Willow's performance on this benchmark is stunning: it clocked in under five minutes A calculation was completed that would take one of today's fastest supercomputers 1025 or 10 to the power of 10 years to complete. If you were to write it out, it would be 10,000,000,000,000,000,000,000,000 (1 followed by 25 zeros) years. This astonishing number exceeds the time scales known in physics and greatly exceeds the age of the universe. This proves that quantum computing occurs in many parallel universes, consistent with the idea that we live in a multiverse, a prediction first proposed by David Deutsch.

Some people are skeptical of this statement about the nature of reality, but surprisingly, others on the Internet who claim Others who know these things think Nevin's conclusions make perfect sense. Although the multiverse is just the stuff of science fiction, it is also an area of ​​serious research by the founders of quantum physics.

Sceptics, however, point out that Google's claimed performance is based on benchmarks Google itself created several years ago to measure quantum performance. This alone does not prove that parallel versions of you are not operating in other universes, only the origin of the underlying measurement standards.

Unlike traditional digital computers, which calculate based on whether a bit is 0 or 1 (on or off), quantum computers rely on extremely tiny qubits. These qubits can be on or off, or both (and somewhere in between), and they can also take advantage of quantum entanglement - the relationship between two or more particles at the tiniest level of the universe. A mysterious connection, no matter how far apart they are, their states are connected.

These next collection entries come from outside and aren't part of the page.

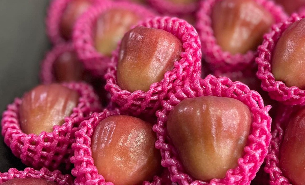 從蓮霧到芒果,每一顆果實都承載著土地的滋養與農人的汗水。其中最令人驚艷的,就是色澤如黑寶石般閃耀的——黑珍珠蓮霧。這是近年備受注目的蓮霧品種,外觀深紅接近黑色,果型飽滿渾圓、帶有自然蠟光,宛如珠寶般閃耀。咬下一口,水分豐富、果肉緊實,口感層次分明,堪稱蓮霧界的極品。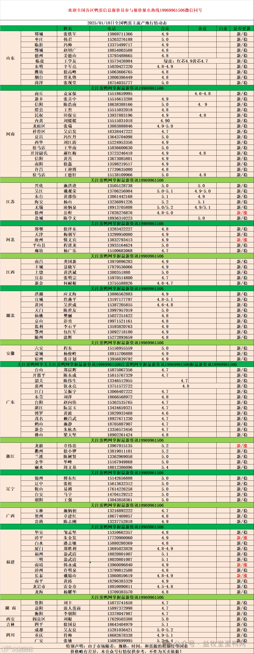 2025年1月18日商品鸭蛋报价 益牧堂水禽信息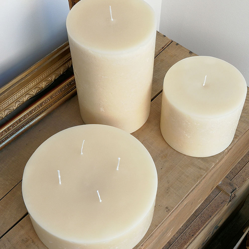 Modern komposition som innehåller tre vaxljus i olika storlekar designade och
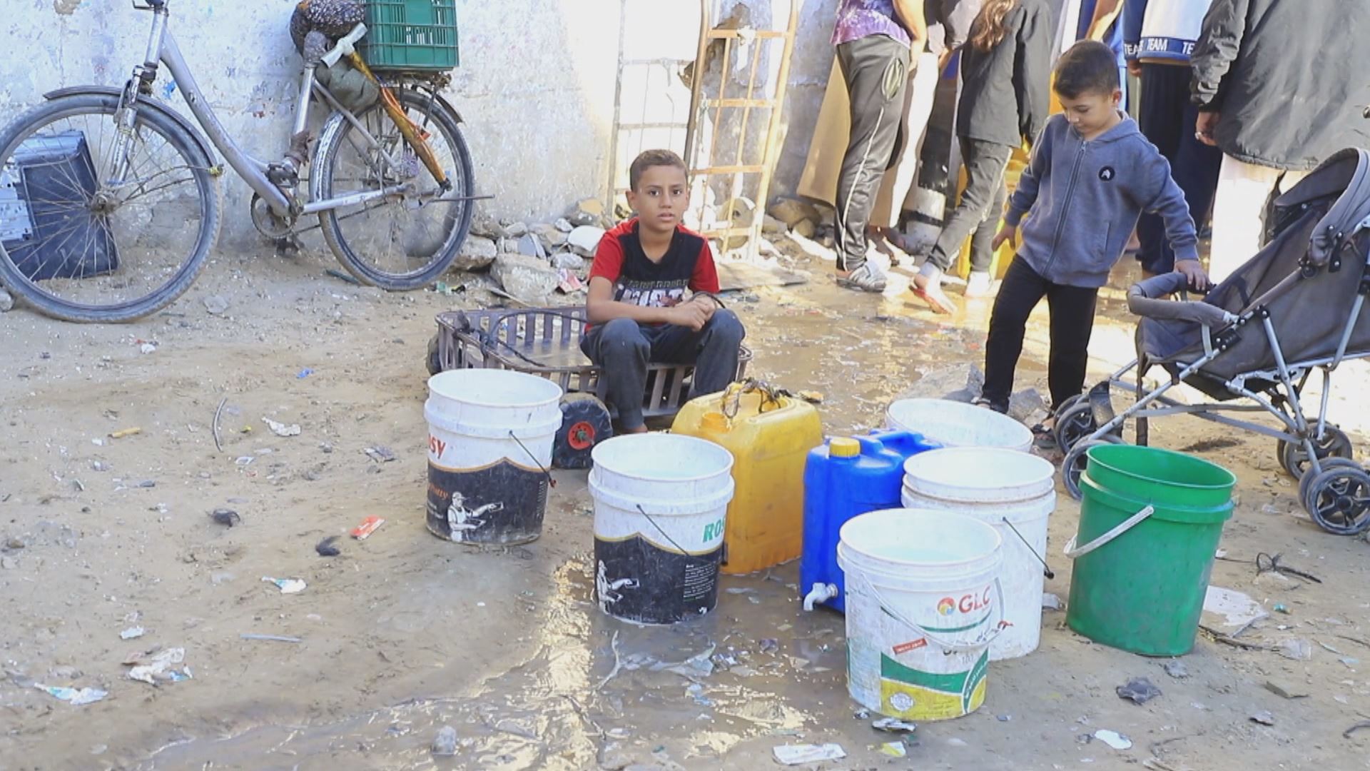 ئیبراهیم عەلوان 10 مانگە لە غەززە ئاوارە بووە و رۆژانە لە گەشتێکى تاقەتپڕوکێن و بەردەوامدایە بۆ دەستکەوتنى ئاو.

Quantum computers use this quantum mechanics to calculate highly complex problems that currently cannot be solved by conventional computers.

The problem is that the qubits used in computersThe more, the greater the potential for error. As a result, it's unclear whether quantum computers are reliable and powerful enough to live up to their promise. Google developed Willow with the mission of reducing these errors, and Nevin says it has achieved that goal?